- **DIRECTIONS FOR THIS TASK**
Word for word, copy the records and drop the pictures.
***** INPUT FOR THIS TASK *****
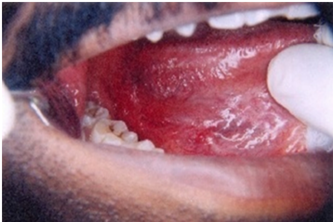
Fig.2- Right posterior lingual aspect of floor of mouth relation to 3 molar, showing the linear cleft

The area was mildly tender. On stimulation, no salivary flow was evident from the submandibular duct. On bimanual palpation of the superficial lobe of the right submandibular gland a small nodule like material was palpable roughly measuring about 0.5 cm in diameter. Keeping the chief complaint, history, and the clinical picture in mind a provisional diagnosis of right submandibular sialolith\ salivary fistula was made.
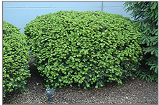
Densiformis Yew
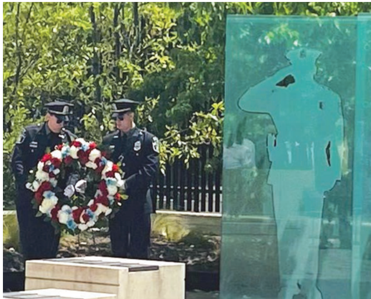
Members of the Police Department Honor Guard place a wreath at the Fallen Officers Memorial May 11 at Police Headquarters.
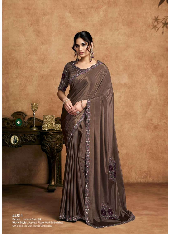
44511 Fabric : Lustrous Satin Silk Work Style : Applique Flower Work Embellished with Stone and Multi Thread Embroidery
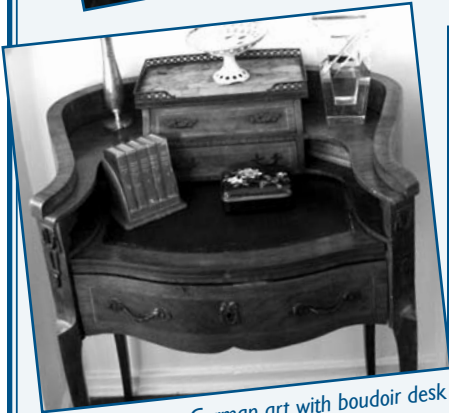
19th century German art with boudoir desk
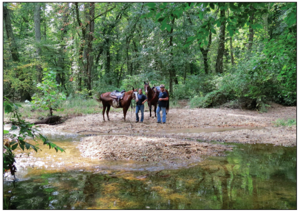
Trail Riding in QAC

valuable part of what, as recognized in our Comprehensive Plan, is our "quintessential rural community".
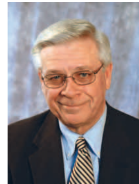
Ken Whitener Professional Excellence Award, School of Business
*****
- **EXERCISE RESULT**
Fig.2- Right posterior lingual aspect of floor of mouth relation to 3 molar, showing the linear cleft

The area was mildly tender. On stimulation, no salivary flow was evident from the submandibular duct. On bimanual palpation of the superficial lobe of the right submandibular gland a small nodule like material was palpable roughly measuring about 0.5 cm in diameter. Keeping the chief complaint, history, and the clinical picture in mind a provisional diagnosis of right submandibular sialolith\ salivary fistula was made.
Densiformis Yew
Members of the Police Department Honor Guard place a wreath at the Fallen Officers Memorial May 11 at Police Headquarters.
44511 Fabric : Lustrous Satin Silk Work Style : Applique Flower Work Embellished with Stone and Multi Thread Embroidery
19th century German art with boudoir desk
Trail Riding in QAC

valuable part of what, as recognized in our Comprehensive Plan, is our "quintessential rural community".
Ken Whitener Professional Excellence Award, School of Business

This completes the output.